In 1944 French physicists, Pierre Auger and Jules Gueron were working on the British nuclear weapons research program at Chalk River Laboratories in Canada. As France was being liberated by the Normandy invasion, they returned to France to inform Frederic Joliot-Curie of the progress of the American/British nuclear weapon program. Frederic passed on that information to his Soviet friends.
He served as director of the French National Centre for Scientific Research, and appointed by Charles De Gaulle in 1945, he became France's first High Commissioner for Atomic Energy. In 1948 he oversaw the construction of the first French atomic reactor. A devoted communist, he was purged in 1950 and relieved of most of his duties, but retained his professorship at the Collège de France. Joliot-Curie was one of the eleven signatories to the Russell–Einstein Manifesto in 1955. On the death of his wife in 1956, he took over her position as Chair of Nuclear Physics at the Sorbonne.
Honours and awards
Joliot-Curie was a member of the French Academy of Sciences and of the Academy of Medicine and named a Commander of the Legion of Honour.
He was the recipient of the first Stalin Peace Prize, given in 1951 for his work as president of the World Council of Peace.

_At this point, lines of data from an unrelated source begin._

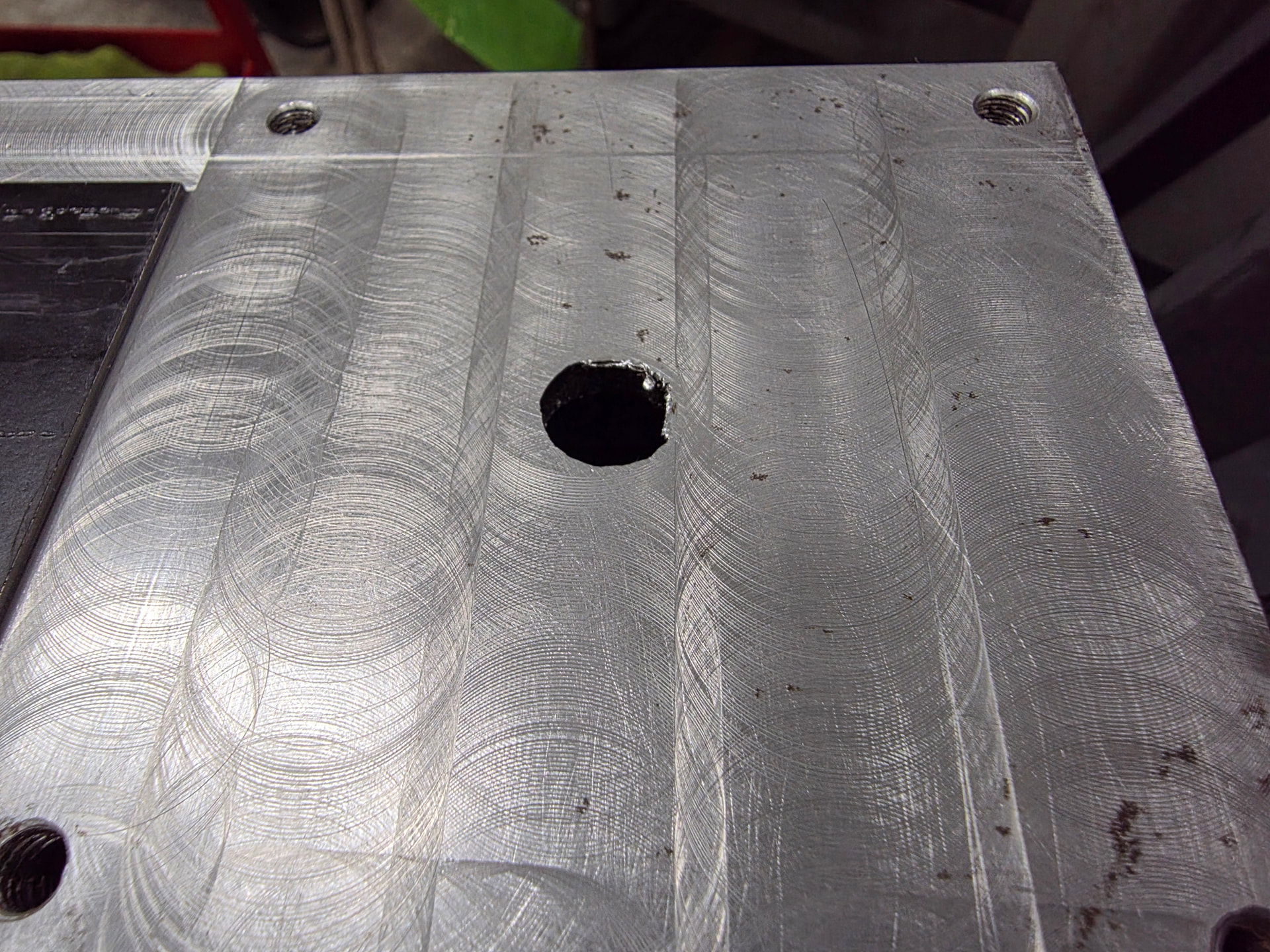 I manually jogged the machine to each bolt location and milled this excess epoxy away.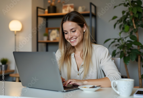 Beautiful Caucasian Female Student Working on Her College Degree Thesis on a Laptop Computer in Library. Young Stylish Female in a Yellow Jumper Studying an Online Course Alone in a Reading Hall. High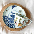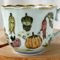❤️チコロット❤️すべて手描き❤️染付け❤️ソーサーは取り皿にもなる❤️カップ&ソーサー❤️野菜たちの戦略会議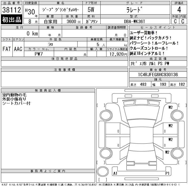 Chrysler JEEP GRAND CHEROKEE с аукциона Японии CAA Chubu лот № 38112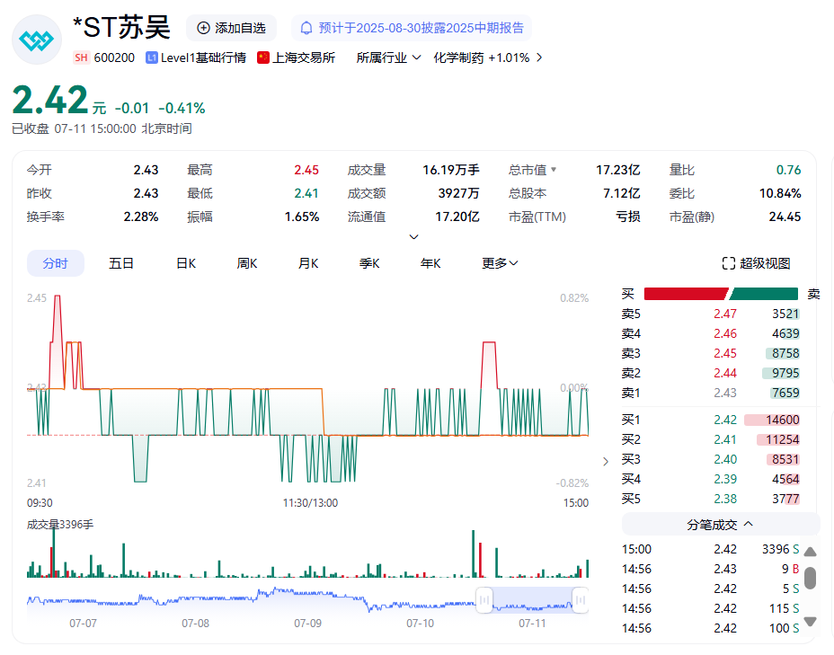 截至7月11日,*ST苏吴股价报2.42元/股,总市值17.23亿元。截至2025年3月31日,公司股东达到8.6万户。

The crater Joliot on the Moon is named after him. He was elected a Foreign Member of the Royal Society (ForMemRS) in 1946.
A street in Sofia, Bulgaria, and the nearby Joliot-Curie Metro Station are named after Frédéric Joliot-Curie. Other streets bearing his name can be found in the Rivière-des-Prairies borough of north Montreal, Canada; in Bucharest, Târgu-Mureș, and Cluj-Napoca, Romania; in Warsaw and Wrocław, Poland; and in Poprad, Slovakia.
Joliot-Curie appeared as himself in Kampen om tungtvannet (La bataille de l'eau lourde in French; 1948), a French–Norwegian semi-documentary film about sabotage of the Vemork heavy water plant in Norway during World War II. His assistants Hans Halban and Lev Kovarski also appear. Joliot-Curie is shown lecturing about nuclear fission and chain reaction at the Collège de France.
Frédéric and Irène hyphenated their surnames to Joliot-Curie after they married on 4 October 1926 in Paris, France, although their daughter has said, "Many people used to name my parents Joliot-Curie, but they signed their scientific papers Irène Curie and Frédéric Joliot."
Joliot-Curie's daughter, Hélène Langevin-Joliot, was born in 1927. She is a nuclear physicist and professor at the University of Paris. Her brother, Pierre Joliot, was born in 1932. He is a biochemist at the Centre National de la Recherche Scientifique.
Frédéric Joliot-Curie devoted the last years of his life to the creation of a centre for nuclear physics at Orsay, where his children were educated.